K-Number: K151846 · 2016-01-14

ApplicantGenoss
Decision Date2016-01-14
Product CodeEIH
Advisory CommitteeDE
DecisionSubstantially Equivalent

Device Summary

Rainbow LS Pressing is a medical device manufactured by Genoss. It received FDA 510(k) clearance on 2016-01-14 under approval number K151846. The device is classified under product code EIH. It was reviewed by the DE advisory panel. FDA Decision: Substantially Equivalent.

Frequently Asked Questions

What is the Rainbow LS Pressing?

Rainbow LS Pressing is a medical device that received FDA 510(k) clearance on 2016-01-14. It is manufactured by Genoss.

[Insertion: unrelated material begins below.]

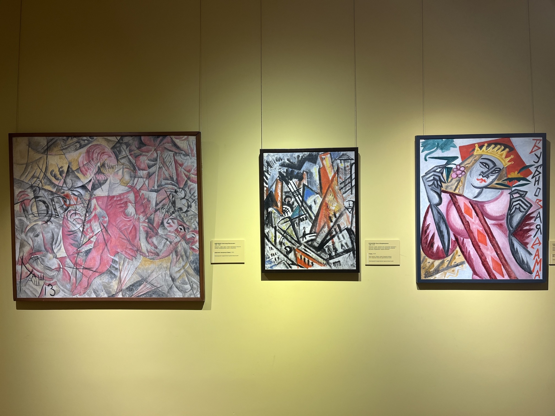 В трех анфиладных залах второго этажа демонстрируются живописные работы мастеров объединения «Бубновый валет» (П.П. Кончаловский, А.В. Лентулов, И.И. Машков, В.В. Рождественский, Р.Р. Фальк, А.А. Осмеркин), произведения русского периода Н.С. Гончаровой и М.Ф. Ларионова, в том числе широко известное полотно «Кацапская Венера» (1912). Завершают экспозицию работы представителей наиболее радикальных направлений русского авангарда (В.В. Кандинский, К.С. Малевич, А.М. Родченко, А.В. Шевченко, Л.С. Попова, О.В. Розанова, Н.А. Удальцова, В.Е. Пестель). Среди них такие знаковые произведения, как «Импровизация 4» (1909) В.В. Кандинского и этапное полотно К.С. Малевича «Косарь» (1911-1912). Дополняют экспозицию скульптурные работы С.Д. Лебедевой, Л.А. Франкетти, Д.Ф. Цаплина.

The 510(k) number is K151846.

When was Rainbow LS Pressing approved by the FDA?

Rainbow LS Pressing received FDA 510(k) clearance on 2016-01-14, under approval number K151846.

What company makes Rainbow LS Pressing?

Rainbow LS Pressing is manufactured by Genoss.

What is the FDA product code for Rainbow LS Pressing?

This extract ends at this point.